Support for the patient centered medical home in the House health reform bill

by Thomas C. Bent, MD

As the House of Representatives prepares to vote on its historic health care reform bill on Saturday, family physicians are heartened to see the support it gives to the emerging new model of care, the patient centered medical home.

The House bill is good news on many fronts. It would provide health insurance coverage for some 96 percent of Americans and would reduce the federal deficit by $30 billion. The Congressional Budget Office estimates this bill would lower health care costs in part by improving health care delivery and relying on the medical home model with its greater focus on primary and preventive care.

Debate about this bill has been exceedingly contentious. In fact, thousands of people are demonstrating in the streets of Washington, D.C. as I write this. Yet at a deeper level, health care reform isn’t a Democratic or Republican political issue – it’s a non-partisan moral issue. Researchers at Harvard reported recently that 45,000 people die in the U.S. every year because they lack health care coverage and so cannot afford appropriate care. Many more die each year from entirely preventable chronic illnesses.
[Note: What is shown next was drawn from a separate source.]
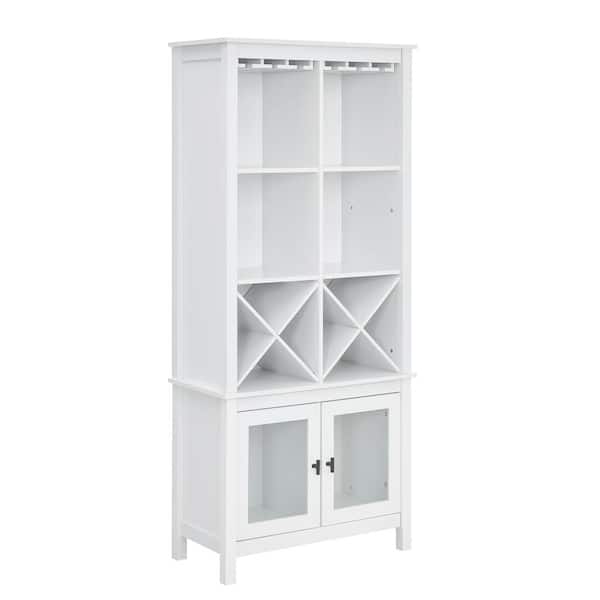 Home Source Jill Zarin White Bar Cabinet Bookshelf with Glass Doors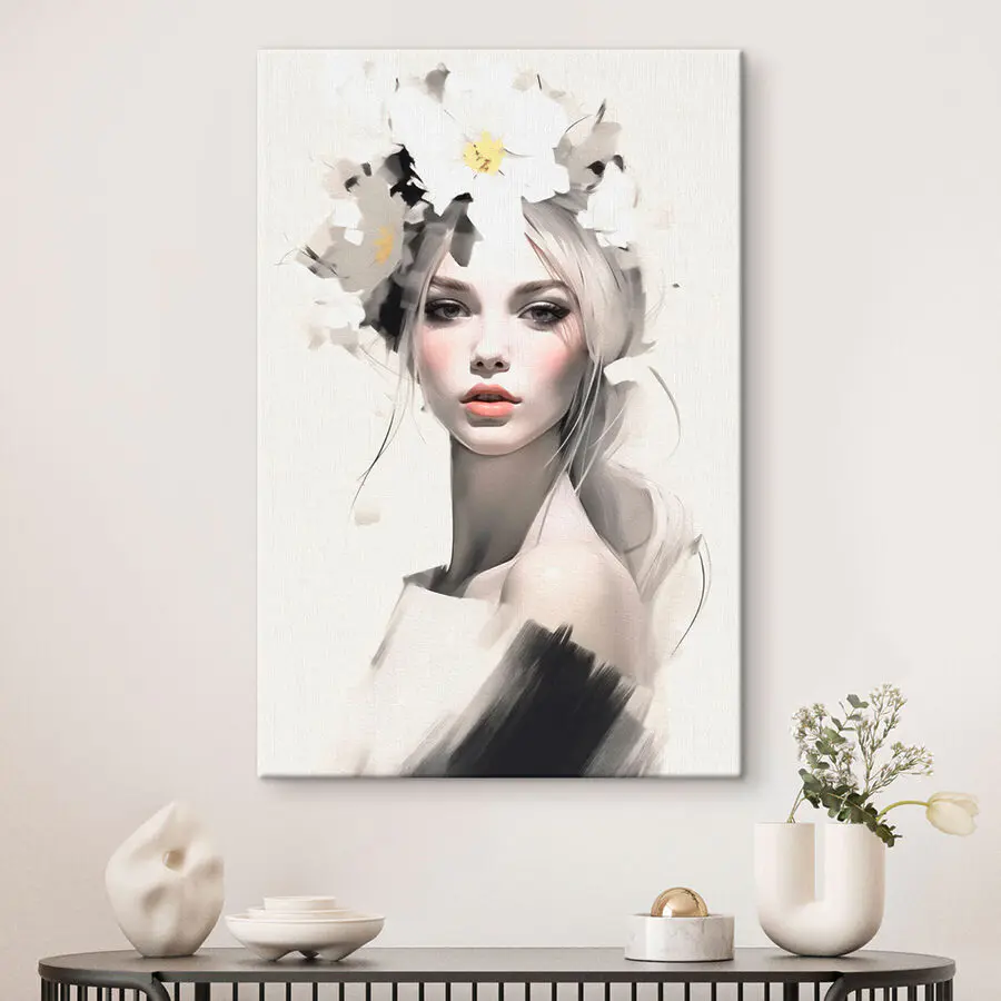 Canvas Schilderijen Vrouw met bloemen in haar haar

Three out of every four health care dollars – $1.5 trillion of $2 trillion spent on health care year in the U.S. – go toward treating chronic illnesses, most of them preventable. An estimated 133 million Americans have at least one chronic disease, such as diabetes, heart disease, cancer, stroke, or lung disease. In Los Angeles, public health experts have documented that 80% of preventable disability and death in that county is associated with chronic disease.

Our current health care system is failing our patients by focusing more on treating acute conditions – like heart attacks – than on preventing the causes, such as obesity that leads to heart disease. As a result, patients suffer unnecessarily and health care costs are spiraling out of control. We need a better model, with more emphasis on prevention, backed up by the excellent care our subspecialist colleagues provide.

Patient centered medical home efforts in North Carolina, Pennsylvania, Colorado and elsewhere have delivered improved patient outcomes and multi-million-dollar cost savings in recent years. Key elements include identifying patients who need preventive and chronic disease care and ensuring they regularly receive such care; providing extended office hours and 24/7 access to primary care physicians to prevent unnecessary emergency room visits; using evidence-based medicine to provide clinically effective and cost-effective care; delivering care with a physician-led team of providers working to the full scope of their respective positions; and coordinating patients’ care throughout the health care system.

We know what needs to be done – we just need the political will to align payment and medical education systems accordingly. That’s in part what the House bill would do.

The California Academy of Family Physicians believes that ensuring Americans can afford to seek care that focuses on keeping them well, managing chronic illnesses, and coordinating their care throughout the entire health care system is not a government takeover – it’s a humanitarian response to the crises faced by the millions of uninsured and underserved in our nation.

Thomas C. Bent is President of the California Academy of Family Physicians.